╭─ Data for processing
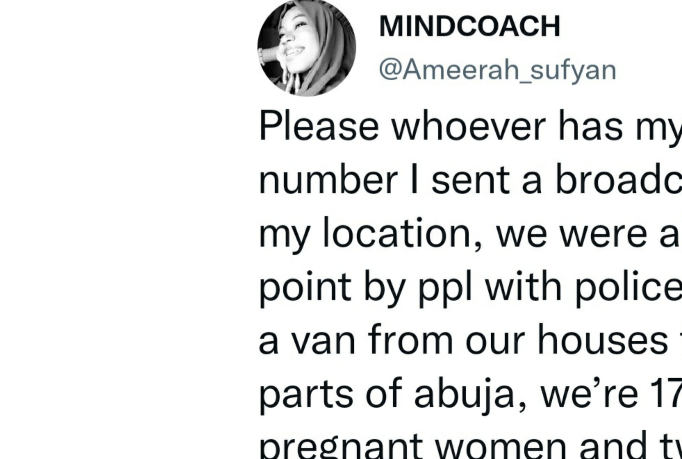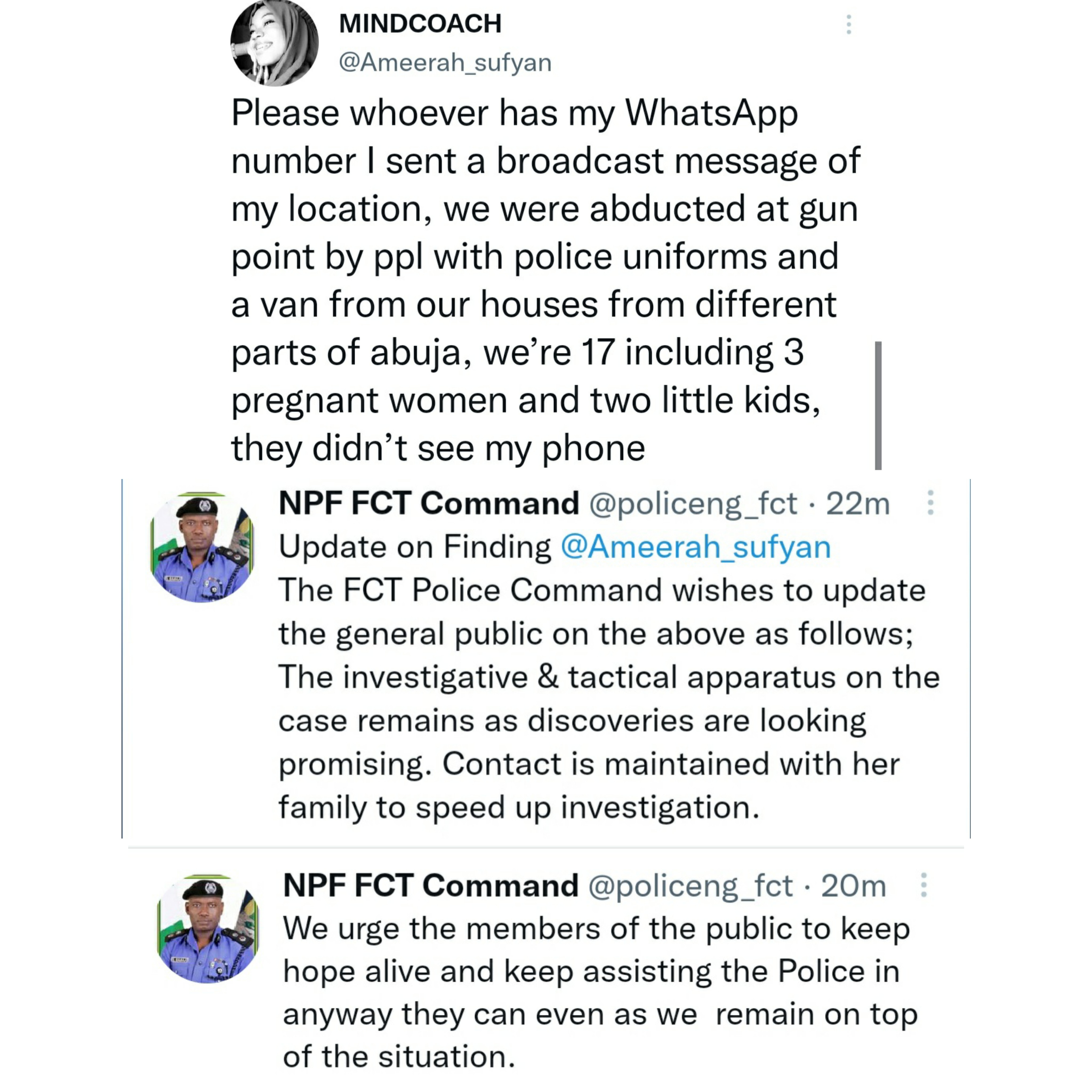 The FCT police command has given an update on the search and rescue operation of a lady who took to her Twitter handle on Tuesday, June 14, to cry out for help. The Twitter user @Ameerah_sufyan said that she and 16 others including three pregnant women were abducted from their homes. In an update given on Twitter, the FCT police command says investigation is ongoing and that discoveries are looking promising.
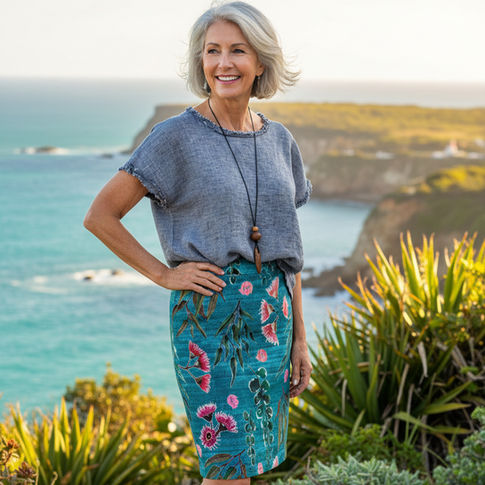 Art for everyday wear. Soft linen to look and feel comfortable, cool and gorgeous in. Your go-to top that goes beautifully with pants and skirts alike featuring art by Jules Hunt and daughter Rosabella.
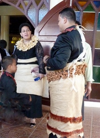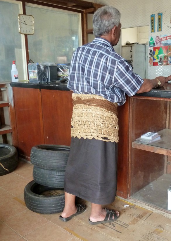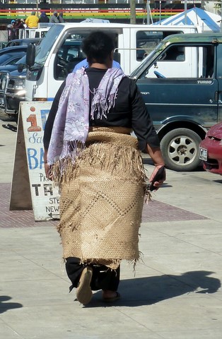 Le Ta'ovala est une natte enroulée autour de la taille retenue par 1 " Kafa " une corde faite en fibre de coco . C'est une tenue portée aussi bien par les hommes que par les femmes sur une jupe longue noire .
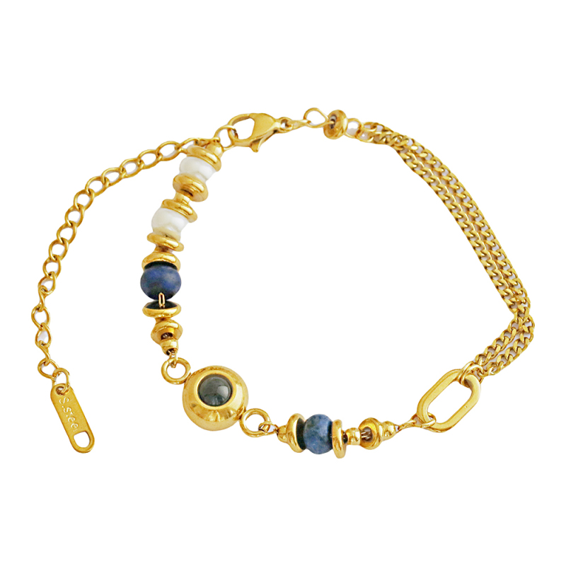 Pulsera De Proyección De Fotos Personalizada Pulsera De Piedra Natural De Lujo Vintage Pulsera Impermeable De Acero Inoxidable Chapada En Oro De 18 Quilates Regalo Para Ella
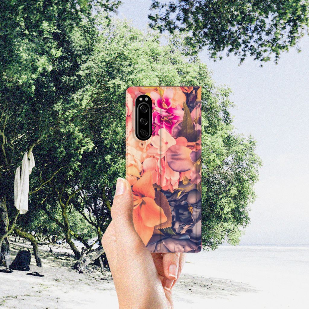 Dit Bosje Bloemen doet een mens en zijn smartphone goed. De oranje, paarse en roze bloemen op deze Sony Xperia 5 Smart Cover geven jouw smartphone een zeer sierlijke uitstraling. Je wordt er ook meteen vrolijker van als je aan het appen, mailen of aan het bellen bent. Valt dan je telefoon op de grond, dan zal er dankzij de stand case met oranje, paarse en roze bloemen geen schade ontstaan. Onze stand cases met oranje, paarse en roze bloemen bieden de allerbeste bescherming en zijn heel praktisch, wat blijkt uit onder meer het vakje aan de binnenkant en de handige standaard waarmee je de smartphone rechtop op tafel neer kunt zetten. De oranje, paarse en roze bloemen passen goed op alle zijden van de case. Op deze stand case van leer en TPU (houder aan de binnenkant) is het ook mogelijk je eigen ontwerp te zetten. In no time maak je zelf een stand case met daarop foto’s van jouw favoriete bloemen.
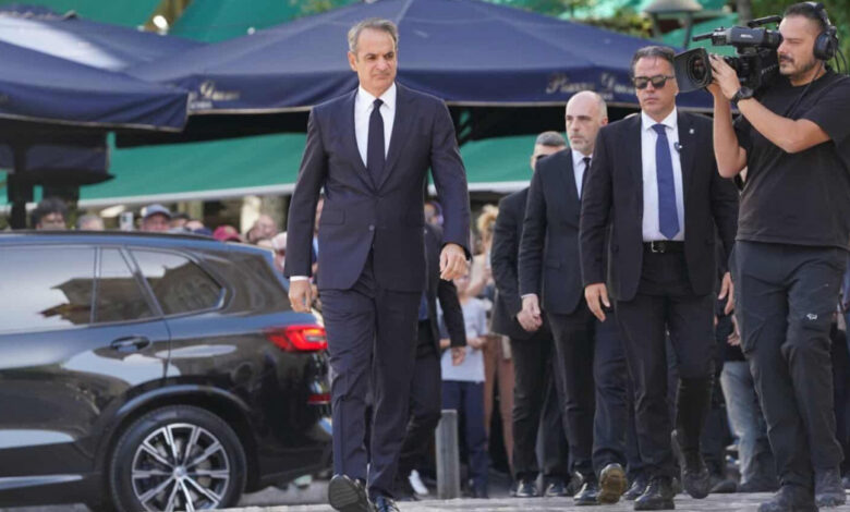 «Δεν είμαι εδώ μόνο ως φίλος και θαυμαστής του, αλλά έχω χρέος προς ένα σπουδαίο Έλληνα», είπε ο πρωθυπουργός, Κυριάκος Μητσοτάκης στον επικήδειό του στον Διονύση Σαββόπουλο.
╰─
[Problem description]
Transcribe the records above exactly as they appear, leaving out any pictures.

[Solution to this task]
 The FCT police command has given an update on the search and rescue operation of a lady who took to her Twitter handle on Tuesday, June 14, to cry out for help. The Twitter user @Ameerah_sufyan said that she and 16 others including three pregnant women were abducted from their homes. In an update given on Twitter, the FCT police command says investigation is ongoing and that discoveries are looking promising.
 Art for everyday wear. Soft linen to look and feel comfortable, cool and gorgeous in. Your go-to top that goes beautifully with pants and skirts alike featuring art by Jules Hunt and daughter Rosabella.
 Le Ta'ovala est une natte enroulée autour de la taille retenue par 1 " Kafa " une corde faite en fibre de coco . C'est une tenue portée aussi bien par les hommes que par les femmes sur une jupe longue noire .
 Pulsera De Proyección De Fotos Personalizada Pulsera De Piedra Natural De Lujo Vintage Pulsera Impermeable De Acero Inoxidable Chapada En Oro De 18 Quilates Regalo Para Ella
 Dit Bosje Bloemen doet een mens en zijn smartphone goed. De oranje, paarse en roze bloemen op deze Sony Xperia 5 Smart Cover geven jouw smartphone een zeer sierlijke uitstraling. Je wordt er ook meteen vrolijker van als je aan het appen, mailen of aan het bellen bent. Valt dan je telefoon op de grond, dan zal er dankzij de stand case met oranje, paarse en roze bloemen geen schade ontstaan. Onze stand cases met oranje, paarse en roze bloemen bieden de allerbeste bescherming en zijn heel praktisch, wat blijkt uit onder meer het vakje aan de binnenkant en de handige standaard waarmee je de smartphone rechtop op tafel neer kunt zetten. De oranje, paarse en roze bloemen passen goed op alle zijden van de case. Op deze stand case van leer en TPU (houder aan de binnenkant) is het ook mogelijk je eigen ontwerp te zetten. In no time maak je zelf een stand case met daarop foto’s van jouw favoriete bloemen.
 «Δεν είμαι εδώ μόνο ως φίλος και θαυμαστής του, αλλά έχω χρέος προς ένα σπουδαίο Έλληνα», είπε ο πρωθυπουργός, Κυριάκος Μητσοτάκης στον επικήδειό του στον Διονύση Σαββόπουλο.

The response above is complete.